Warszawa, pożar na Targówku. Spłonęły dwa samochody, jeden z nich był "całkowicie objęty ogniem"

W nocy z wtorku na środę doszło do pożaru samochodów na Targówku w Warszawie. Spłonęły dwa auta, nikt nie został poszkodowany.

- Na miejscu zastano samochód osobowy marki Opel całkowicie objęty ogniem i stojącego przed nim drugiego opla, który na skutek oddziaływania cieplnego również zaczynał się palić - przekazał  Michał Konopka ze stołecznej straży pożarnej, cytowany przez TVN. Jak informuje strażak, pożar został szybko ugaszony. 

Zobacz wideo Autokar stanął w płomieniach w centrum Tomaszowa Lubelskiego. Podróżowało nim 31 osób

Więcej informacji z Warszawy znajdziesz na stronie głównej Gazeta.pl.

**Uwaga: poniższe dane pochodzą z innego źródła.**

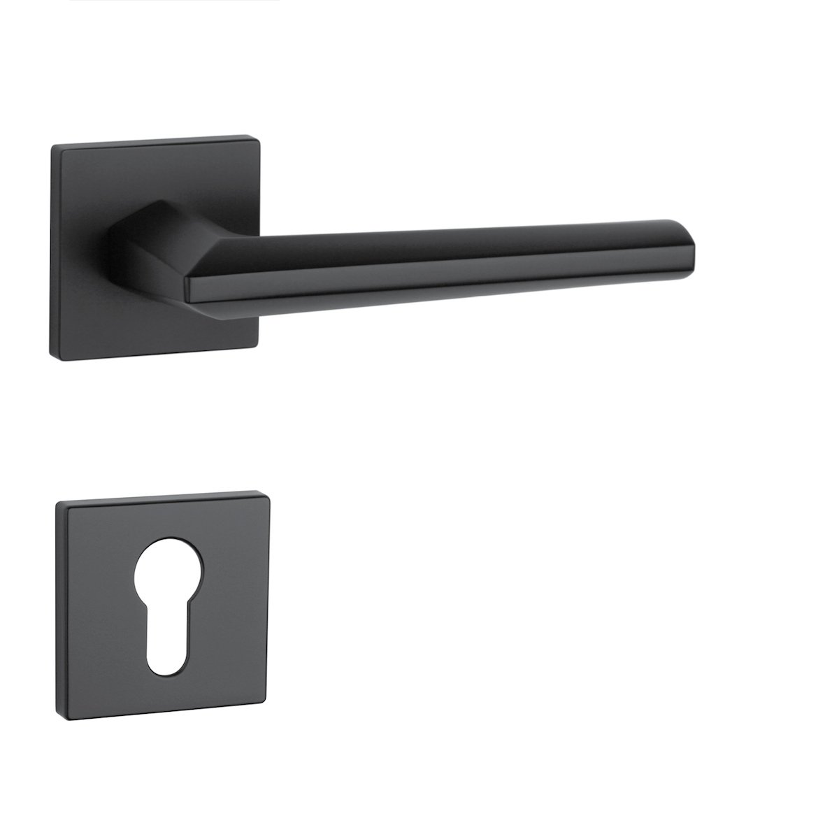 Rozetová klika na interiérové dveře s hranatou rozetou je vyrobena z materiálů vysoké kvality - zamak a je povrchově upravena. Rozeta má rozměry 52x52 mm a tloušťku jen 7 mm. Minimalistický design rozety s vysokou stabilitou kliky na dveřích působí jemně, a tím ponechává prostor pro vyniknutí designu samotné kliky.
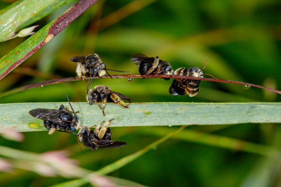 Some male Longhorn Bees have a habit of hanging out together overnight and in our landscape that usually happens on switchgrass.
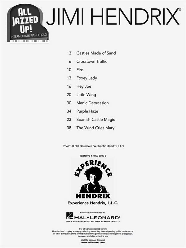 10 Favorites arranged in a Jazz Style Castles made of Sand Crosstown Traffic Fire Foxey Lady Hey Joe Little Wing Manic Depression Purple Haze Spanish Castle Magic The Wind cries Mary
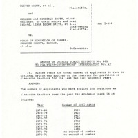 Case Data and Exhibits for Brown III, a relitigation of Brown v. Topeka Board of Education (1954) that corrected resegregation issues caused by open enrollment school choice in 1992. Document to the plaintiffs from the defense in response to a request for the number of applicants by race or national origin for district jobs over the past decade.
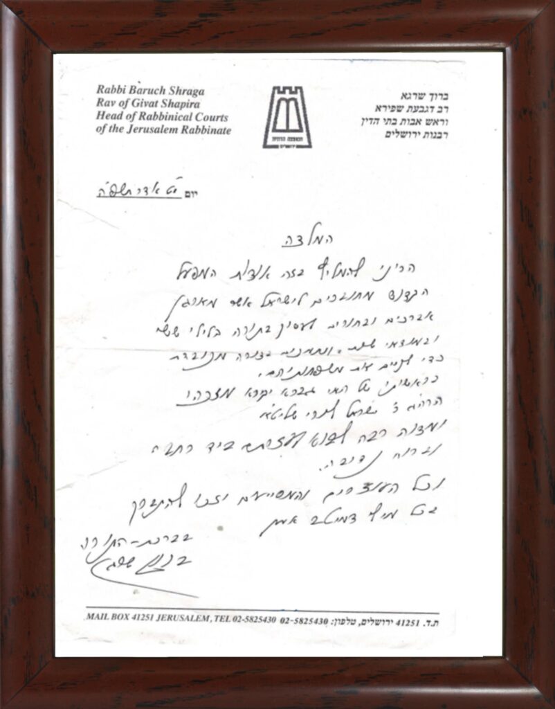 המלצה מאת ראש בתי הדין הירושלים הרב ברוך שרגא שליט"א
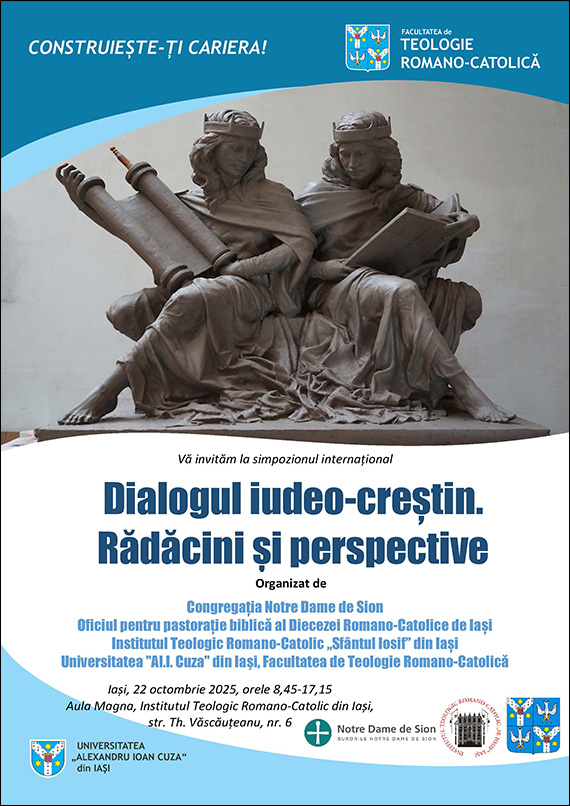 Congregația "Notre Dame de Sion" împreună cu Oficiul pentru pastorație biblică al Diecezei Romano-Catolice de Iași, Institutul Teologic Romano-Catolic Iași și Facultatea de Teologie Romano-Catolică au bucuria de a vă invita la un simpozion internațional care are ca temă principală dialogul Bisericii Catolice cu poporul evreu bazat pe Sfintele Scripturi comune.

Michał Konopka: Nie było osób poszkodowanych 

Pożar wybuchł na Targówku przy ulicy Chodeckiej 16 w nocy z wtorku na środę. Płonęły dwa samochody osobowe, a warszawscy strażacy zostali zaalarmowani o tym około godziny 1.20. Na miejsce zdarzenia przyjechał jeden zastęp strażacki. Michał Konopka poinformował, że "nie było osób poszkodowanych".

- Na chodniku przy bloku stoją spalone dwa ople. Jeden jest doszczętnie zniszczony - ma spaloną całą karoserię, wnętrze, wybite szyby. Drugi opel ma z kolei spalony tył: maskę, zderzak, również wybite szyby. Wokół widać jeszcze pianę gaśniczą - zrelacjonował reporter stacji TVN.

Interwencje strażaków podczas długiego weekendu

Ponad 3700 razy interweniowali strażacy podczas długiego weekendu (między 11 a 14 listopada). 17 osób straciło życie w wypadkach drogowych, a 272 zostały ranne.

- Tragiczne w skutkach okazały się pożary mieszkań, w których w ciągu czterech dni zginęło dziesięć osób - powiedział Karol Kierzkowski z mazowieckiej Straży Pożarnej. W ostatnich dniach najwięcej pracy mieli strażacy w województwach mazowieckim, śląskim, małopolskim i wielkopolskim.